[MLton] Unicode... again

Mon Feb 12 11:54:34 PST 2007

On Feb 12, 2007, at 8:20 PM, Matthew Fluet wrote:
>> - For the time being I choose to ignore the basis' claim that "in  
>> WideChar, the functions toLower, toLower, isAlpha,..., isUpper  
>> and, in general, the definition of a ``letter'' are locale- 
>> dependent" and raise an Unimplemented exception for these methods.  
>> I think the standard is dreadfully misguided in assuming a global  
>> locale, and I defer what to do here till later as it is what  
>> blocked my progress last time. (IMO these functions have only  
>> questionable use, anyway)
>
> Not to dismiss any of the thought and work already done, but I'm  
> curious
> why another 'obvious' interpretation of WideChar hasn't been  
> explored. That is, why don't we take WideChar as an (admittedly  
> brain-dead) wrapping of functions defined in <wchar.h>.  These  
> descriptions of these functions seem to match the Basis Library  
> descriptions, in that they have a notion of the current locale.   
> Admittedly, WideChar wouldn't provide access to changing the locale  
> (the setlocale function), but this would seem consistent with other  
> portions of the SML Basis Library that provides just a thin veneer  
> over corresponding POSIX functions.

We could do that. My definitions of the is* methods are place- 
holders. I consider these methods worse than useless; I'd rather they  
simply didn't exist. Since they do exist, mapping them to iswalpha,  
iswalnum, etc. might be ok... as long as these are portably  
available. Still, I'd rather try to use the locale independent  
character classes specified by Unicode. However, this is where I got  
stuck last time, so I decided to skip it for now, as in the grand  
scheme, these methods are rather unimportant.

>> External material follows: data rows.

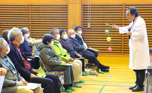 科学実験を通して防災について学んでもらう「防災エンスショー」が18日、美里町中埣コミュニティセンターで開かれた。東日本大震災から間もなく13年となり、記憶の継承が課題になりつつある中、住民約60人が日頃の備えを改めて考えた。同町本小牛田、青生、中埣3地区のコミュニティセンターが各地区の住民を対象に合同で実施。サイエンスインストラクターとして全国で公演している阿部清人さん(60)=仙台市=を講師に招いた。阿部さんは「日本の面積は世界の0・28%にすぎないが、地球をつくる十数枚の『プレート』と呼ばれる皿のうち4枚がひしめき合っていて、常に動いている。そのためマグニチュード6以上の地震5回のうち1回は日本で起きている」と述べた。
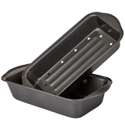 Nonstick Meatloaf Pan with Drain Tray makes enjoying comfort food healthier and easier than ever. This two-piece set is designed with a perforated insert that lets grease drain effortlessly while cooking, reducing unnecessary fat from your meatloaf. This clever design collects fat in the bottom nonstick tray for quick disposal and hassle-free cleanup. Perfect for whipping up everything from traditional meatloaf to quick favorites like banana or zucchini bread, this pan is a multi-tasker in the kitchen. The nonstick surface ensures your creations release easily every time, so you can spend more time enjoying your meal and less time cleaning up. Its functional design and versatility will quickly make it a go-to in your kitchen for baking and healthier eating. And when the meal is done, just place it in the dishwasher for ultimate ease. Create hearty, satisfying dishes without the fuss, and take a step towards healthier eating with this must-have kitchen tool! Key Features: TWO-PIECE DESIGN: Comes with a perforated top tray to drain fat while cooking for healthier results. MULTI-PURPOSE FUNCTIONALITY: Perfect for classic meatloaf, quick breads like banana and zucchini, and so much more! EFFORTLESS RELEASE NONSTICK SURFACE: Nonstick coating ensures easy removal of baked goods every time, no sticky mess. EASY CLEANUP FOR YOUR CONVENIENCE: Dishwasher safe, saving time and effort after enjoying your delicious creations. SIZED FOR EVERYDAY USE: Ideal size for family meals, combining practicality with ease of use. Made of: Carbon steel Measurements: Outer pan, 11.50″W x 5.75″D x 2.75″H Inner pan, 9.50″W x 5″D x 1.50″H Notes: Dishwasher safe
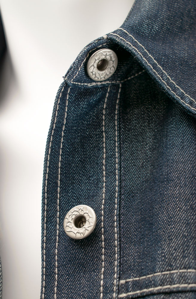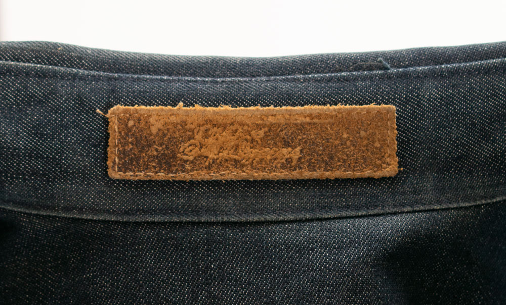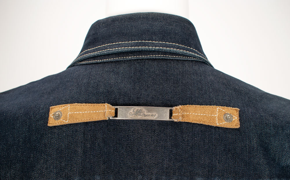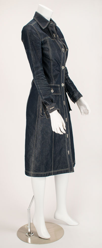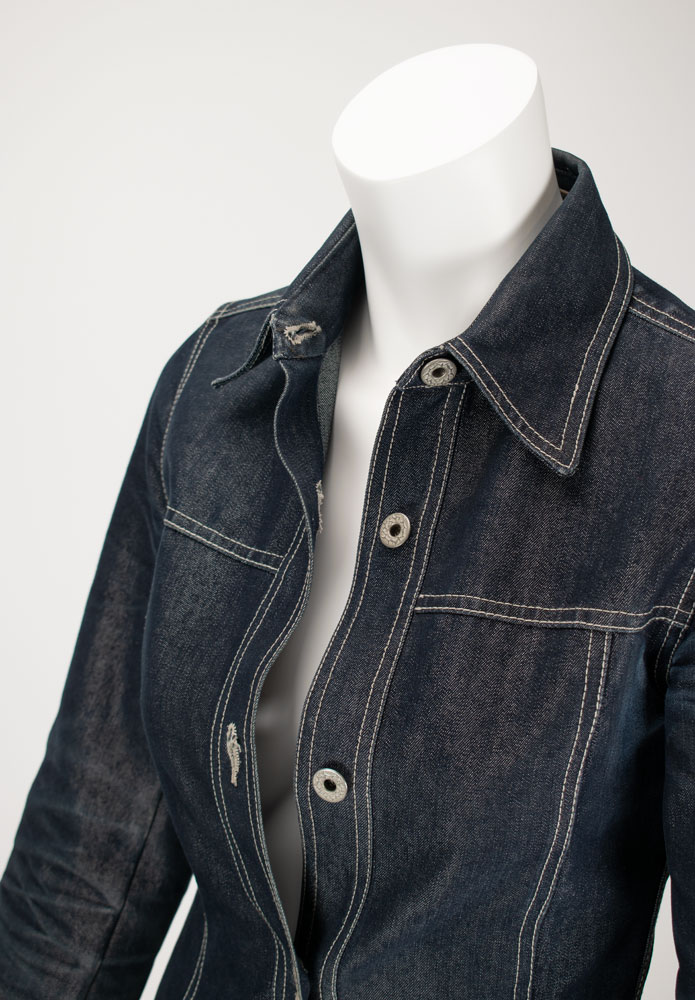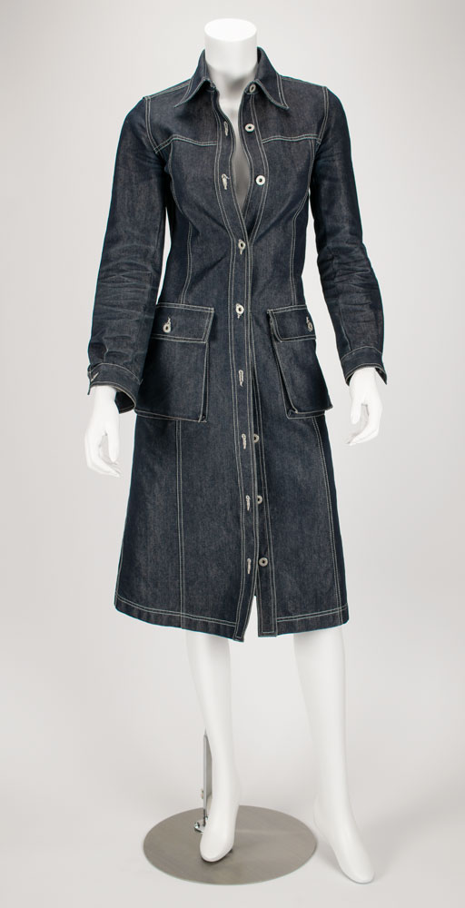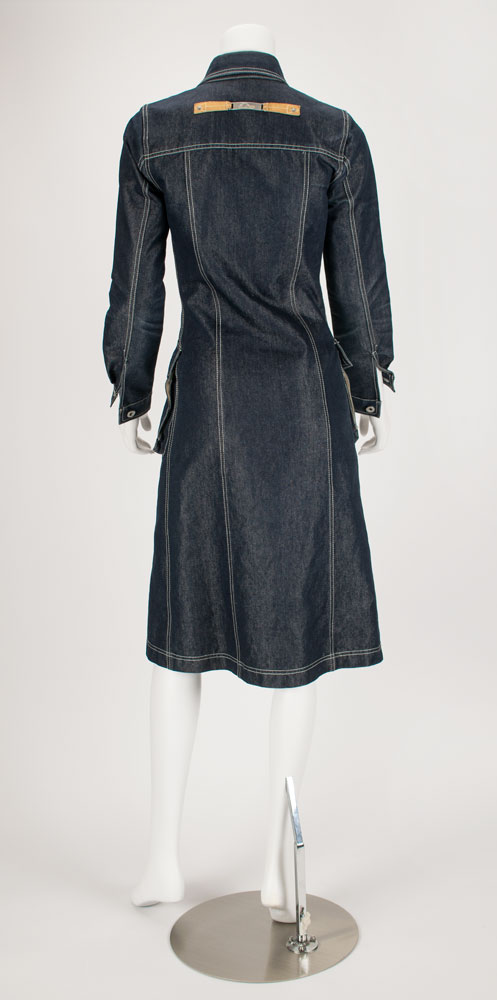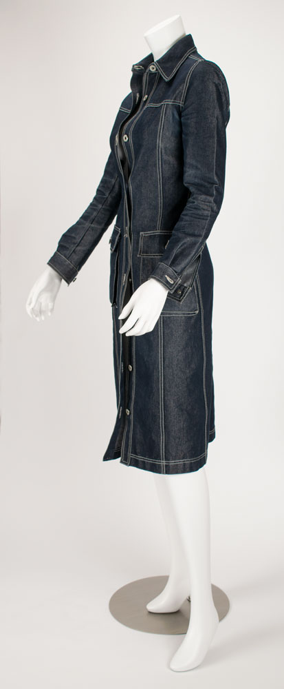 A long-line denim jacket with logo buttons from the "McQueen's" denim line. This diffusion line was launched by McQueen in 1999, and made it’s debut in the AW 1999 catwalk collection "Eshu." The back features the leather strap with branding. From The Alexander McQueen Archive of Ruti Danan. Learn more about Alexander McQueen.

I can't find my old post, so I'll briefly summarize why I wish they  
didn't exist:
1. Hidden dependencies are bad
2. A program needs multiple locales simultaneously if it interacts  
with multiple users.
3. A program may need to switch the 'global' locale (eg: a login  
program). How does this affect cached look-up tables?
4. A program may need WideChar, yet not be internationalized. Locale  
dependence might introduce bugs.
5. Typically, a locale also influences number and date parsing /  
output. A programmer not expecting this will have problems.
6. Even C++ threw out the C interface and provided its own, with  
explicit dependency on the locale.

Generally, there are several steps to localizing a program. First, it  
has to support the character set. Then, you have to isolate all of  
the locale dependent issues (literal string, date/number formats,  
text direction, etc) and predicate these on a locale. This is  
internationalization. Finally, you localize it by translating text,  
providing date/number formats, etc. Each step needs testing. Just  
flipping a global switch and praying is not a great idea.

If this were a perfect world, I'd make WideChar.is* use the Unicode  
locale-independent mappings always. Then we would have a Locale :  
LOCALE with a CharClass substructure that provided localized versions  
of these. An internationalized program would use these methods for  
user-interaction, but use the WideChar classes for non-user purposes.